Out of the spotlight, Social Security rots in the dark

Former President George W. Bush followed up his re-election with a public relations campaign in early 2005 to reform Social Security. It did not go well, and Bush’s failure — made inevitable by the mishandling of Hurricane Katrina — confirmed to Washington that Social Security was the “third rail” of politics and should never be touched.

It has lain untouched ever since, perhaps partly because Social Security is not the most pressing strain on federal finances. But it is a very serious one in the medium and long term.

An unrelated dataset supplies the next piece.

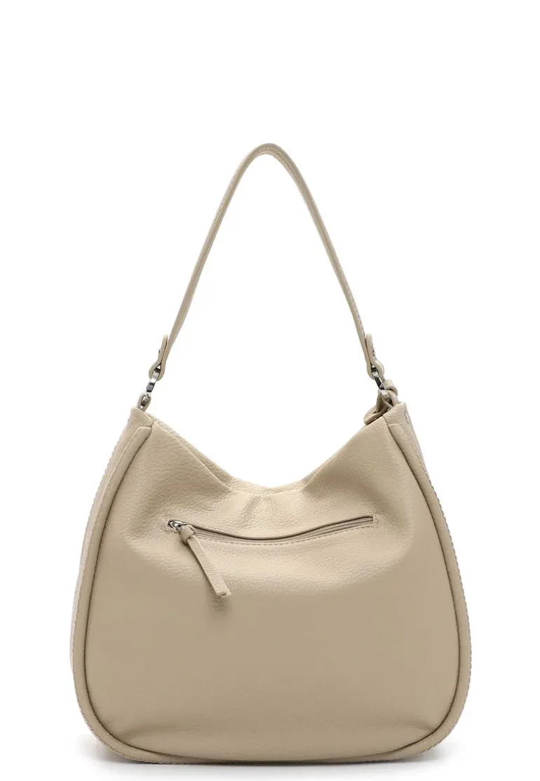 Deze beige handtas heeft een hoogte van 32 cm, een breedte van 33 cm en een diepte van 13 cm.

Medicare and the Social Security Disability Insurance program are in far worse shape, and young people have fair warning not to rely on a Social Security check for their retirement. But the Social Security program’s trustees have just reminded the nation that this problem hasn’t gone away. Politicians need to take notice now, because the challenge of fixing it will only become harder to solve the longer they wait. In our families we do our best for our children; we don’t just heap liabilities upon them and expect them to look after us. But politicians are doing the exact opposite.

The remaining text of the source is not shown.